Instructions for the task: Nothing but the lines from the one containing "The Vale of" through the last line of the data below should be returned, each exactly as it stands, pictures excluded.

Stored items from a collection
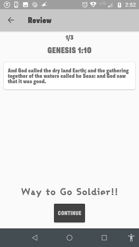 You can review Bible verses either manually by selecting responses, or you could do it through speech which automatically recognizes how accurate your recitation of the verse is with the actual verse.
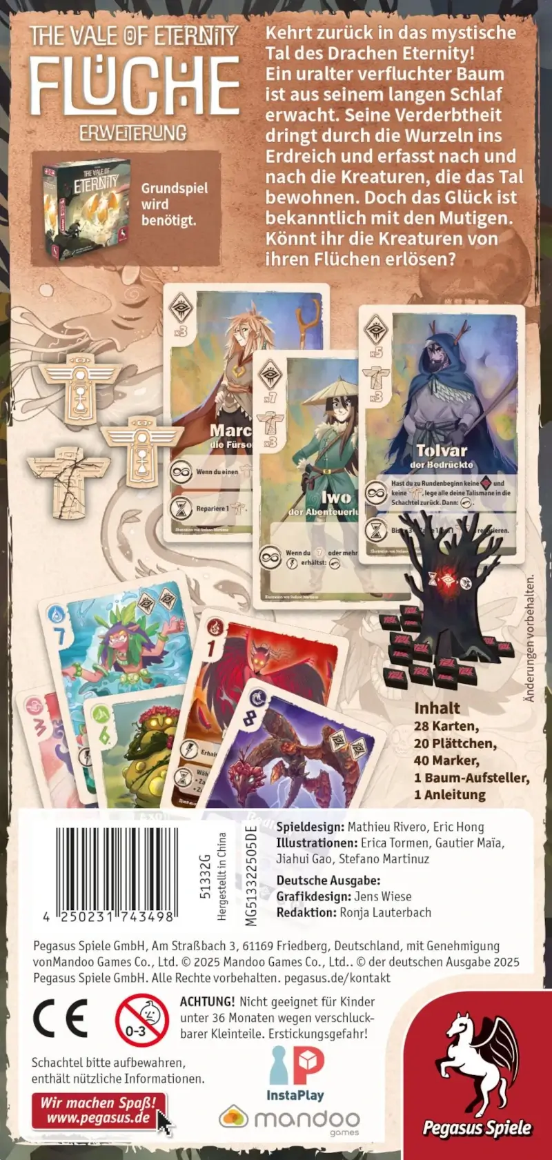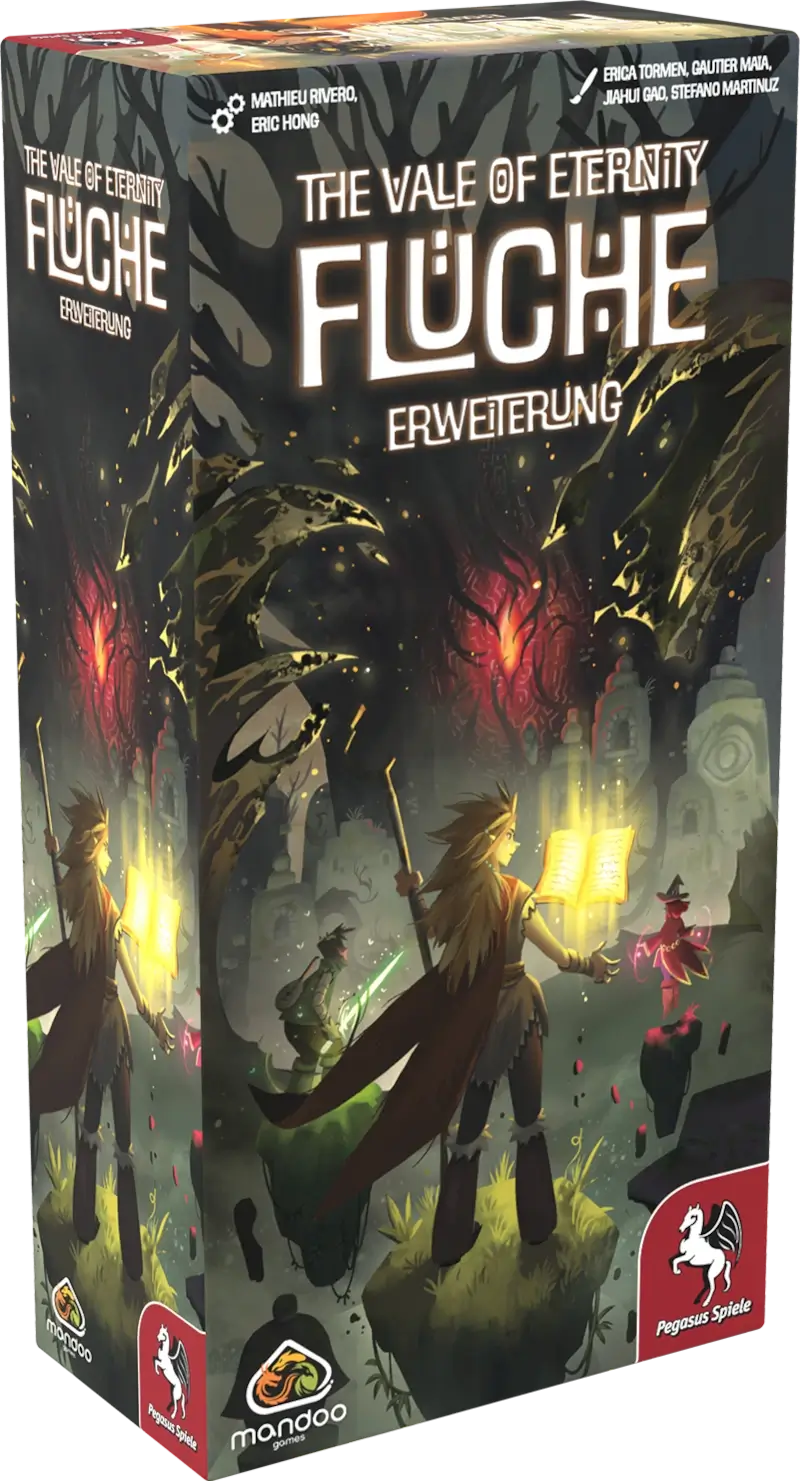 The Vale of Eternity: Flüche erweitert das Grundspiel um eine düstere, magische Dimension: Der uralte Fluchbaum ist erwacht und beeinflusst das Tal und seine Kreaturen. In jeder Runde können Spieler:innen Fluchkarten wählen, um Kreaturen zu beeinflussen – Fluch oder Erlösung? Wer die finstere Kraft meistert, kann mächtige Vorteile nutzen. Zusätzlich kommen Bändiger‑Plättchen ins Spiel, mit denen Kreaturen gezähmt oder verflucht werden können.
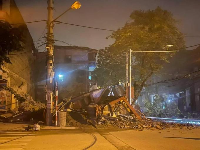 Ngôi nhà đổ sập trong đêm. (Ảnh: Dân Việt)
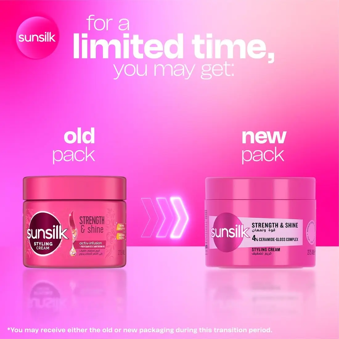 • FRESH NEW LOOK for your favorite Sunsilk styling cream.
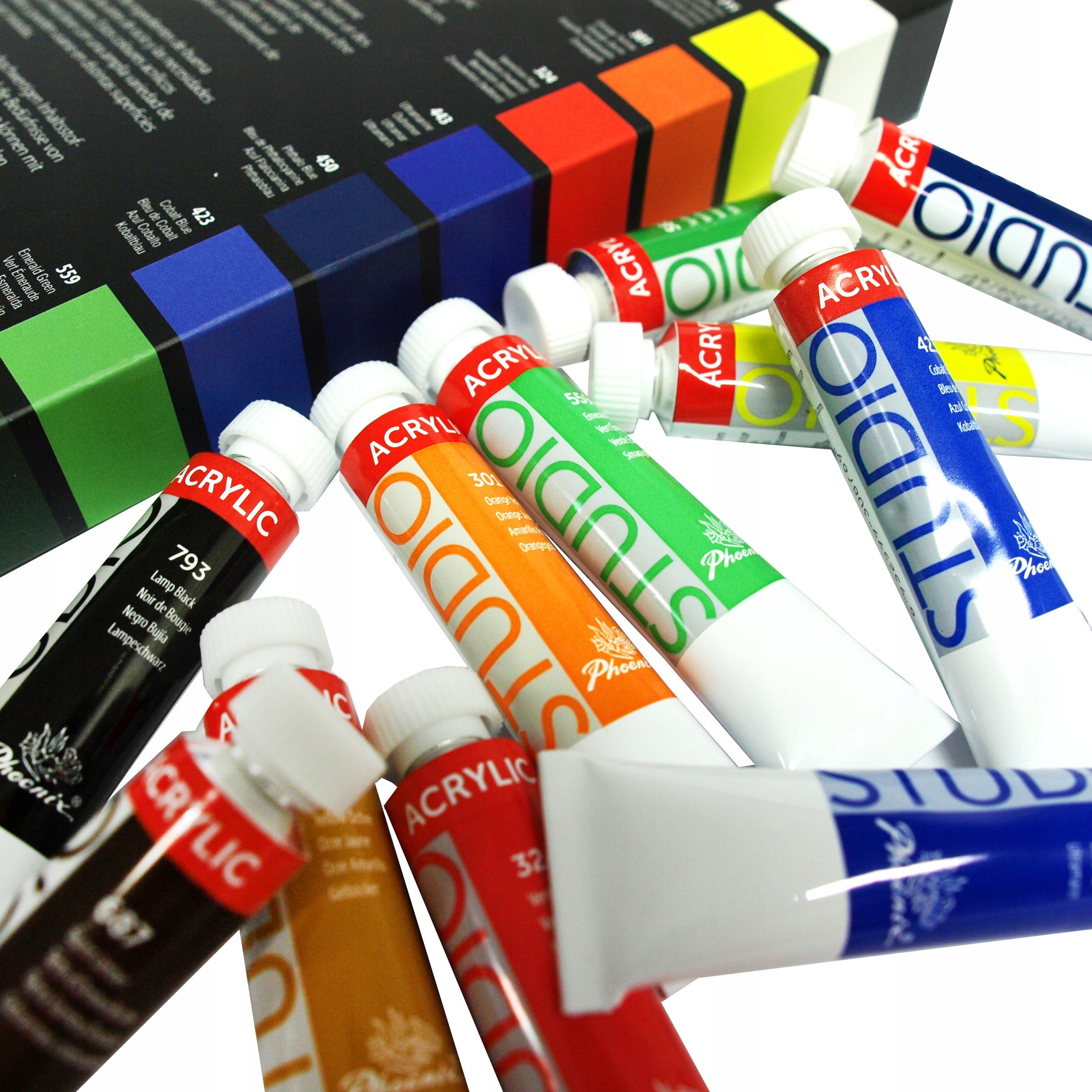 Wyprodukowane z bardzo dobrej jakości pigmentów. Farby mają żywe kolory i szybki czas schnięcia.

Result of this task:
 The Vale of Eternity: Flüche erweitert das Grundspiel um eine düstere, magische Dimension: Der uralte Fluchbaum ist erwacht und beeinflusst das Tal und seine Kreaturen. In jeder Runde können Spieler:innen Fluchkarten wählen, um Kreaturen zu beeinflussen – Fluch oder Erlösung? Wer die finstere Kraft meistert, kann mächtige Vorteile nutzen. Zusätzlich kommen Bändiger‑Plättchen ins Spiel, mit denen Kreaturen gezähmt oder verflucht werden können.
 Ngôi nhà đổ sập trong đêm. (Ảnh: Dân Việt)
 • FRESH NEW LOOK for your favorite Sunsilk styling cream.
 Wyprodukowane z bardzo dobrej jakości pigmentów. Farby mają żywe kolory i szybki czas schnięcia.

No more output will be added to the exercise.